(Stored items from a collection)
= = = = = = =

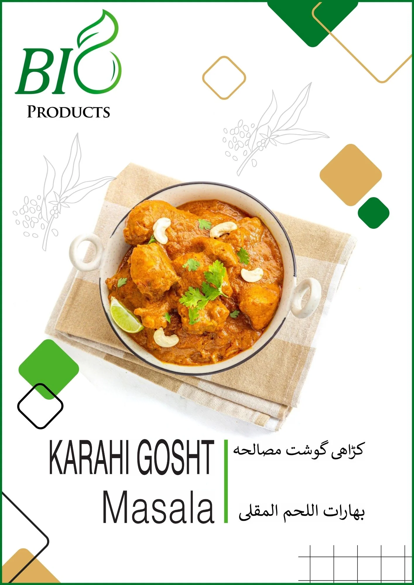 Elevate your meat with our KARAHI GOSHT MASALA. This authentic spice blend adds a bold, tangy flavour to your dish, elevating it to the next level. Add just the right amount of spice and elevate your cooking.
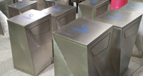 這是欣方圳為北京高校生產的一款不銹鋼五分類環保回收箱,多分類垃圾回收箱的最大好處是精準垃圾投放,變廢為寶便于后期可回收再利用,解決垃圾給城市帶來的負擔,這...
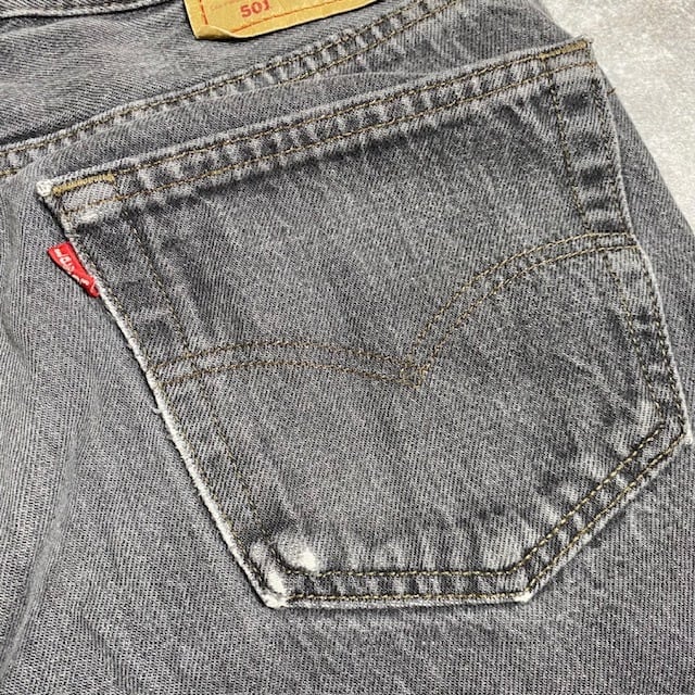1990年代、Levi's 501-0658 先染めブラックデニムパンツです。刻印653、赤タブ、スモールe、脇割、USA製、バックポケット裏チェーンステッチ。
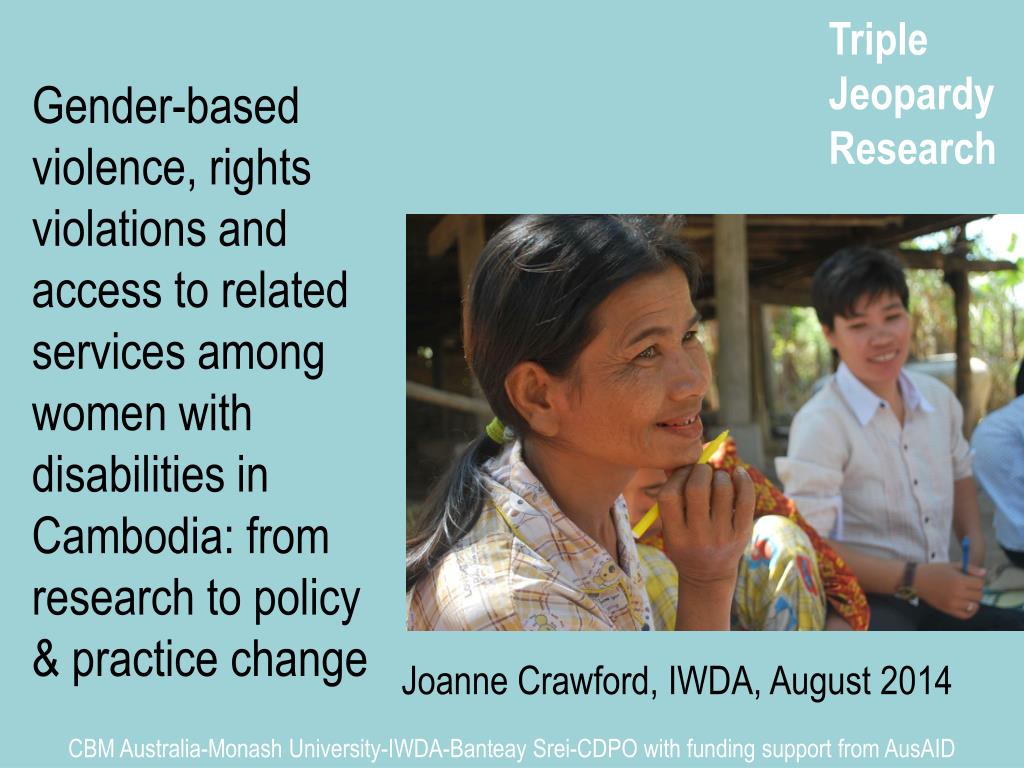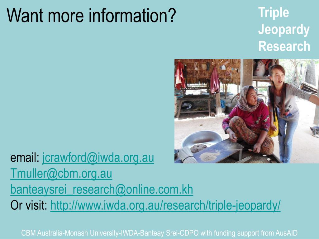 Want more information? email: jcrawford@iwda.org.au Tmuller@cbm.org.au banteaysrei_research@online.com.kh Or visit: http://www.iwda.org.au/research/triple-jeopardy/
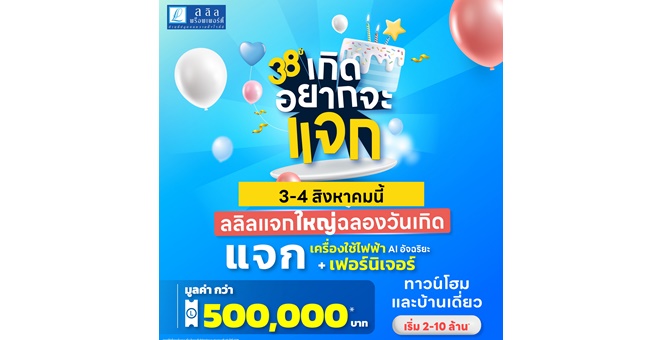 star_borderModal Upgrade PackageModal Upgrade Package3-4 ส.ค.นี้ ลลิล พร็อพเพอร์ตี้ แจกใหญ่ฉลองเดือนเกิด กับโปร “38 ปีเกิดอยากจะแจก” แจกทั้งเฟอร์ฯ และเครื่องใช้ไฟฟ้าระบบ AI พร้อมส่วนลดสูงสุดถึงครึ่งล้าน!31 ก.ค. 2567 10:59 น.

= = = = = = =

| Exercise details |
Every record must be transcribed faithfully, with no picture carried over.

| Solved exercise |
 Elevate your meat with our KARAHI GOSHT MASALA. This authentic spice blend adds a bold, tangy flavour to your dish, elevating it to the next level. Add just the right amount of spice and elevate your cooking.
 這是欣方圳為北京高校生產的一款不銹鋼五分類環保回收箱,多分類垃圾回收箱的最大好處是精準垃圾投放,變廢為寶便于后期可回收再利用,解決垃圾給城市帶來的負擔,這...
1990年代、Levi's 501-0658 先染めブラックデニムパンツです。刻印653、赤タブ、スモールe、脇割、USA製、バックポケット裏チェーンステッチ。
 Want more information? email: jcrawford@iwda.org.au Tmuller@cbm.org.au banteaysrei_research@online.com.kh Or visit: http://www.iwda.org.au/research/triple-jeopardy/
 star_borderModal Upgrade PackageModal Upgrade Package3-4 ส.ค.นี้ ลลิล พร็อพเพอร์ตี้ แจกใหญ่ฉลองเดือนเกิด กับโปร “38 ปีเกิดอยากจะแจก” แจกทั้งเฟอร์ฯ และเครื่องใช้ไฟฟ้าระบบ AI พร้อมส่วนลดสูงสุดถึงครึ่งล้าน!31 ก.ค. 2567 10:59 น.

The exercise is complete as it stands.